"Maybe it was a dream, you know, a very weird, bizarre, vivid, erotic, wet,
detailed dream. Maybe we have malaria."

Oct
08

Of Blow Jobs and Broken Windows

By: donkeysosa on 10/8/06 @ 10:04 pm

Some time ago I wrote a blog describing a disastrous high school relationship I had with a girl I like to fondly refer to as Fem-Whore. To read the original story, click below.

Fem-Whore

As you may recall, Fem-whore was pregnant when I met her, and was therefore in the midst of a sort of “come to Jesus” phase, a phase made more likely seeing as her parents were the Baptist-Christian brainwashing type. Nevermind the fact that before she had become pregnant, and after she launched the little ne’r-do-well out of her fuck-chute, she was a raging drug addict sociapath. During the time I was with her, she was Christ’s little Angel.
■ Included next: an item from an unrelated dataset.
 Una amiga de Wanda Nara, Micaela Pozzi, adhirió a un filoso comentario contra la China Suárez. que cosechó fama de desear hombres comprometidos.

Thanks to this newly found prudishness, Fem-Whore refused to have sex with me. Never mind that only a couple of months before the entire Sophomore class had been be-bopping away in her cervix…now she was pure before the Lord, her gaping vaginal opening left lonely, sullen even, it’s battered petals reluctantly accepting my probing fingers as a poor substitute to the hundreds of pulsating rods of its richer times. No, there was no sex for me.
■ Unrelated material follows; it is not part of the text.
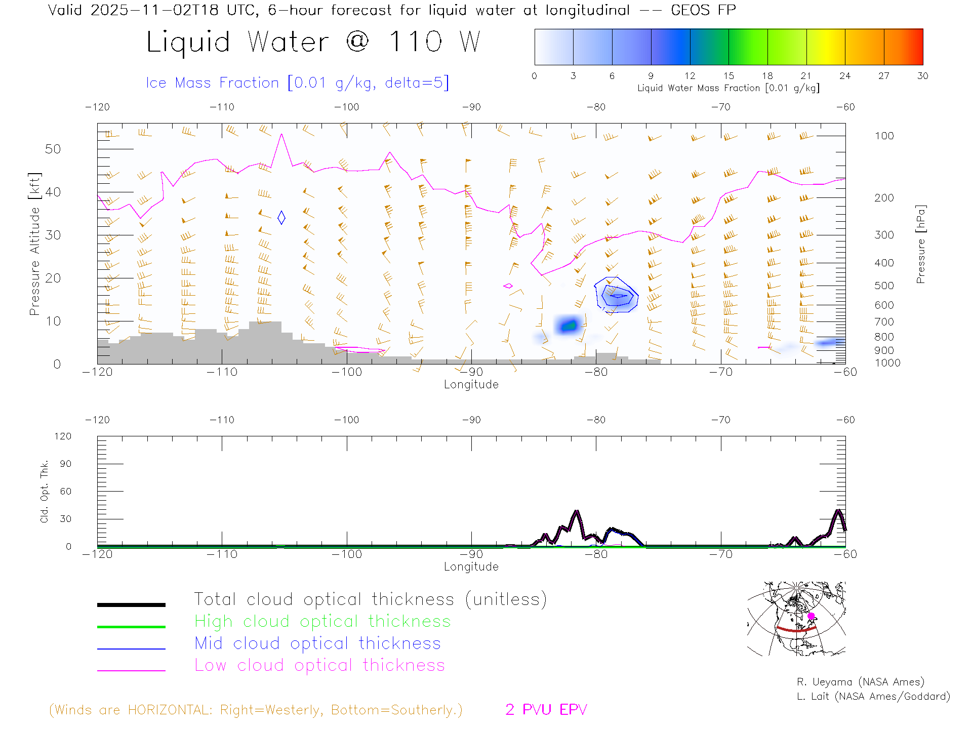 GEOS Forecast Cloud Water Content X-Section (40 N)

She sure could suck a dick though.

Why is this, by the way? Why is it that so many holier-than-thou girls seem to have no moral dilemma with devouring your meats? And not only that, but seem to actually enjoy doing it more than any other girls on the planet? Such was the way of Fem-Whore. She would give me a BJ anytime, anyplace, at the drop of a hat. In her room? No problem. In the park? No problem. In the back of a half-full school bus? No problem (true story). Her mouth’s one and only task in life seemed to be to make my teenage penis happy. And who was I to deprive it of that happiness?
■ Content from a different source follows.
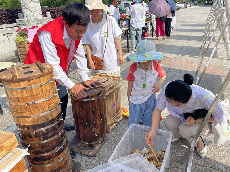 本次活动引得不少群众驻足围观,附近散步、晨练和过路的群众被一块块生动的宣传画、整齐摆放的蜂箱和新鲜的蜂蜜吸引过来,并饶有兴致的向现场工作人员询问起养蜂和蜂蜜相关的问题。现场的中蜂协会技术人员和合作社养殖人员耐心的对群众一一解答,同时邀请现场群众对“殷家坪蜂蜜”蜜脾和蜂蜜进行品尝。经过咨询和品尝,让不少群众对中华蜜蜂品种、养蜂方法、蜂箱种类、中蜂蜂蜜等有了系统认识。通过了解和品尝,很多市民纷纷购买了“殷家坪蜂蜜”。

Call me a hopeless romantic if you will, but one of my favorite places to receive a nice, relaxing BJ from Fem-Whore was in the back of my parent’s hideous-looking car. That old shit-heap (a brown and tan mini station wagon with no hubcaps and a sagging ceiling) was a regular fellatio-mobile. Just drive it to any ol’ dark place, park it, and it would wait dutifully while I received my much-needed Nob polishing. And let me tell ya, while I was with Fem-Whore, the fellatio-mobile worked overtime.

One night Fem-Whore and I were parked in one of our posh, romantic hideaways – the public park. Good ol’ Fem-Whore was, well, doing what she did best, and I was reclined in the back seat, pondering some of life’s greatest mysteries. As things were beginning to…uh…come to a head, I heard the bubbling of a small motorcycle engine as it drove right past the fellatio-mobile.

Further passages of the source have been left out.